Collective action schemes may have existed for a while in India but publicity about recent cases is raising awareness of how people can group together to seek justice, says Parvathi Singh of Tata AIG General Insurance Company. Singh, National Head Claims at Tata AIG, told the 6th International Liability Regimes Conference 2009 that there was significant potential for growth in the Indian liability market.

Under the title of “The Shifting Role of the State relative to the Private Economy: Liability Insurance at the Fulcrum”, some 45 international insurance representatives gathered at the Swiss Re Centre for Global Dialogue on 26-27 October to discuss how the liability landscape is changing, what is driving the changes, and how the industry might react to them.

Singh gave an overview of the claims situation in India, illustrating both the case backlog in Indian courts as the fast-growing economy pushes ahead and the still-embryonic development of India’s liability landscape. Gross premiums for liability insurance were just USD 152 million in 2008, she said, noting that despite the low level, they were nevertheless twice as much as in 2004.

“Penetration and density of liability in India is abysmal,” Singh said. “The potential here is huge.”

Parvathi saw the increasing presence of multinational firms in India, and of Indian multinationals abroad, as a powerful driver for risk consciousness in India, as well as for heightened liability risk exposure from international business and trade: product liability and recall claims are on the rise, for example.

“Globalisation is one of the trends that is having a clear impact. India is no longer an island. Anything that happens in the EU or in the US has a direct impact on India,” she said. The liberalisation of the insurance industry in 2000 has also been a major factor driving the liability business in India, she added. “The third factor is growing activism: issues such as climate change and environmental action are increasingly on the agenda and the media is helping this.”

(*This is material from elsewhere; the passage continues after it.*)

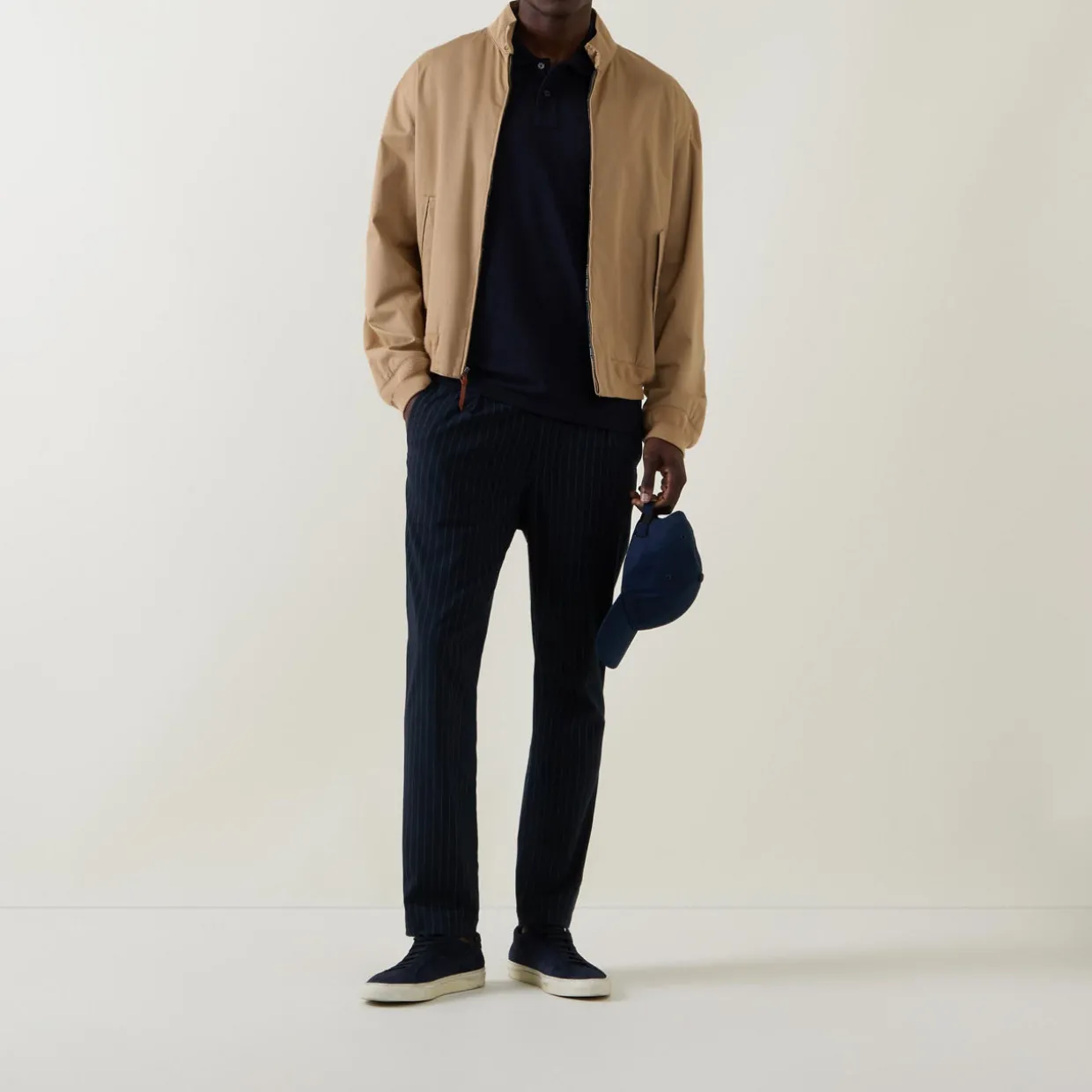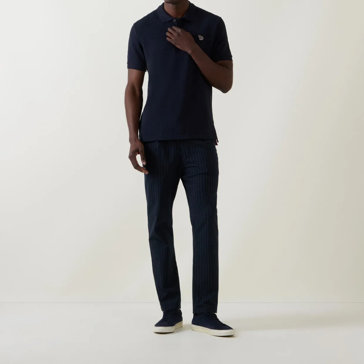 - Polo collar, two-button placket, short sleeves, rib-knit cuffs, straight hem, side slit detailing, Zebra felt logo on the chest
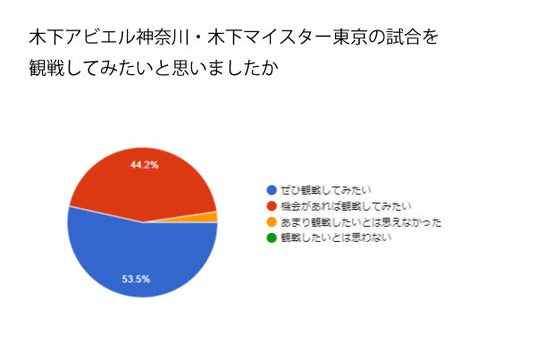 「木下アビエル神奈川・木下マイスター東京の試合を観たいか」という質問にもポジティブなご回答をいただきました。この「企業対抗交流戦」を機に、より多くの方にTリーグ、木下アビエル神奈川・木下マイスター東京に関心を寄せていただければうれしく思います。

Recent high profile cases of corporate fraud, including the admission of accounting fraud by the chairman of Indian IT firm Satyam in January 2009, have increased awareness of liability insurance products as well the mechanisms of collective action that are available and planned.

“After Satyam happened we saw an increase in the reporting of claims by 60-70 percent. It is not that larger companies were not buying D&O policies beforehand, but rather that people did not know how and when to use it,” Singh said. “We are now also seeing an increase in demand from the middle and small segment companies.”

“One of the things that Satyam did for us is that people talk about collective action more,” Singh said, noting that the new 2009 companies act is designed to introduce collective action for better stakeholder protection. In combination with a fast-track court procedure, this new bill marks a recent milestone in the development of India’s liability landscape.